Work order :: From the first line of the listing below to the line containing "Deze prachtige lange", write out everything exactly. No pictures.

Task material ::
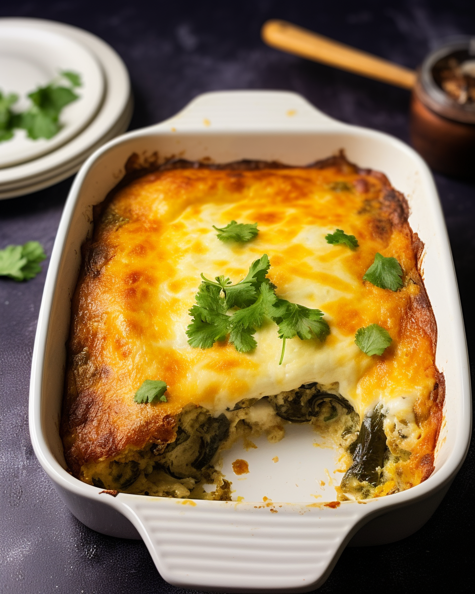 Pour the egg batter evenly over the layered ingredients. Bake for 35–40 minutes, or until the casserole is set and golden on top. -
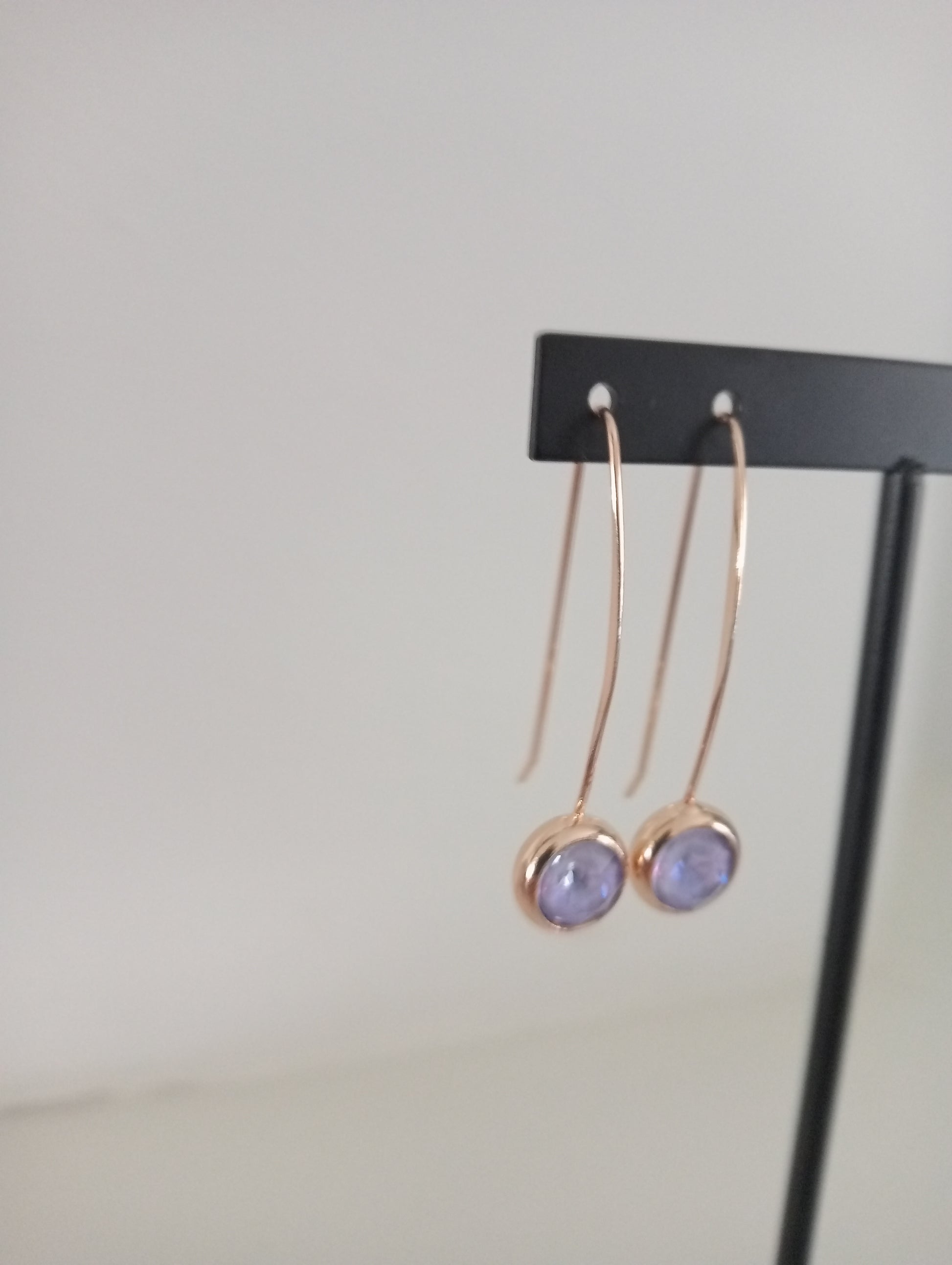 Deze prachtige lange oorbellen stralen in het zonlicht en geven je outfit een boost. Met een schitterend paars steentje zijn ze een echte blik vanger en een toevoeging aan elke look. ze hebben een fijn draagcomfort.
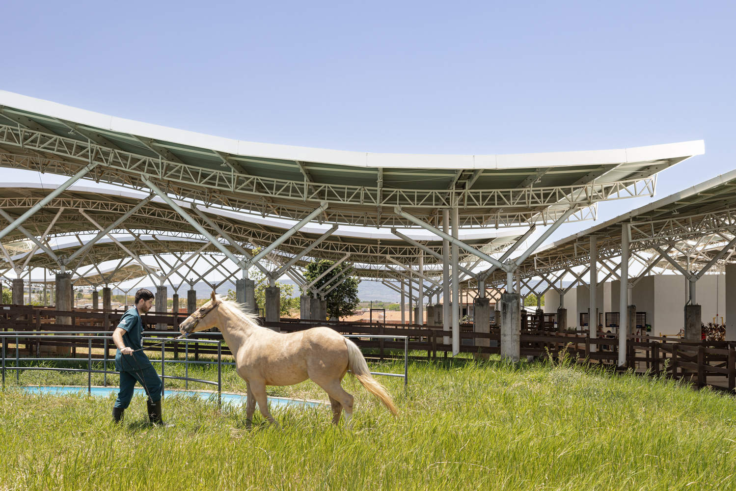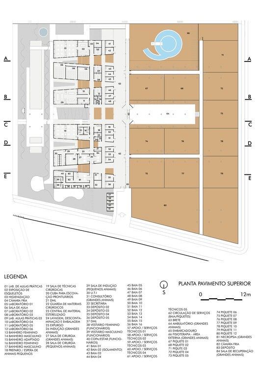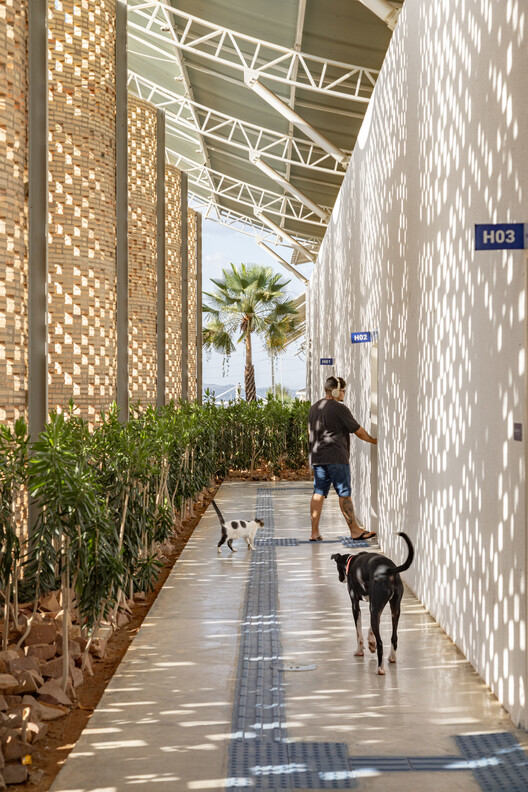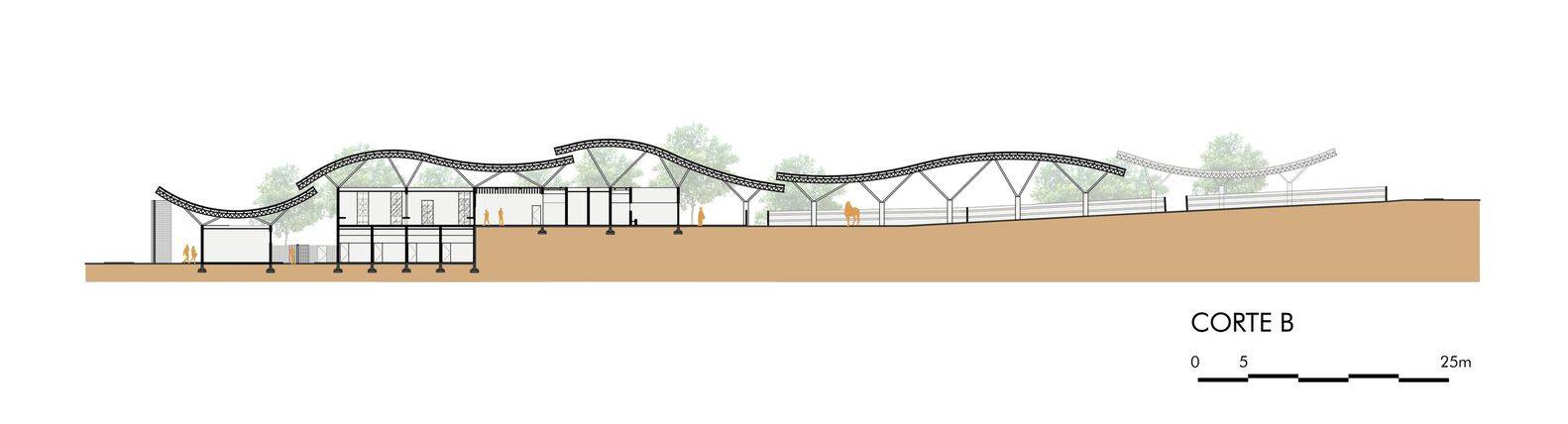 From the architect. The College of Veterinary Medicine at Unile ã o University is located in the city of Juazeiro do Norte, in the Cariri region of southern Cear á state. This is a veterinary school hospital where students can intern under the guidance of teachers. The hospital will provide services for both small and large animals, including small animal breeding areas (kennels and cat houses), large animal breeding areas, enclosures, consultation rooms, laboratories, surgical centers, classrooms, and administrative areas. The design concept of this project is to separate the large roof from the building and provide sufficient shading for the buildings below. This is the main strategy for achieving thermal comfort. The roof is supported by metal trusses, curved in shape like several waves, with interruptions in the middle to facilitate the release of hot air. Some areas are also covered with translucent polycarbonate tiles to utilize natural light. The large area of sun visors not only protects the building, but also the enclosure and the parking area for large animals.
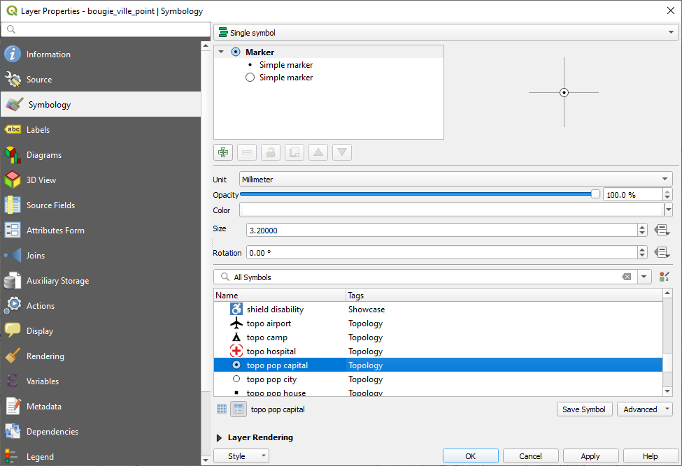 Allez dans la liste des symboles enregistrés en bas de la fenêtre de symbologie et choisissez le symbole dont le nom est topo pop captial
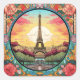 Parisian Sunset Eiffel Tower Paris French Floral Quadratischer Aufkleber

Solution to this exercise ::
 Pour the egg batter evenly over the layered ingredients. Bake for 35–40 minutes, or until the casserole is set and golden on top. -
 Deze prachtige lange oorbellen stralen in het zonlicht en geven je outfit een boost. Met een schitterend paars steentje zijn ze een echte blik vanger en een toevoeging aan elke look. ze hebben een fijn draagcomfort.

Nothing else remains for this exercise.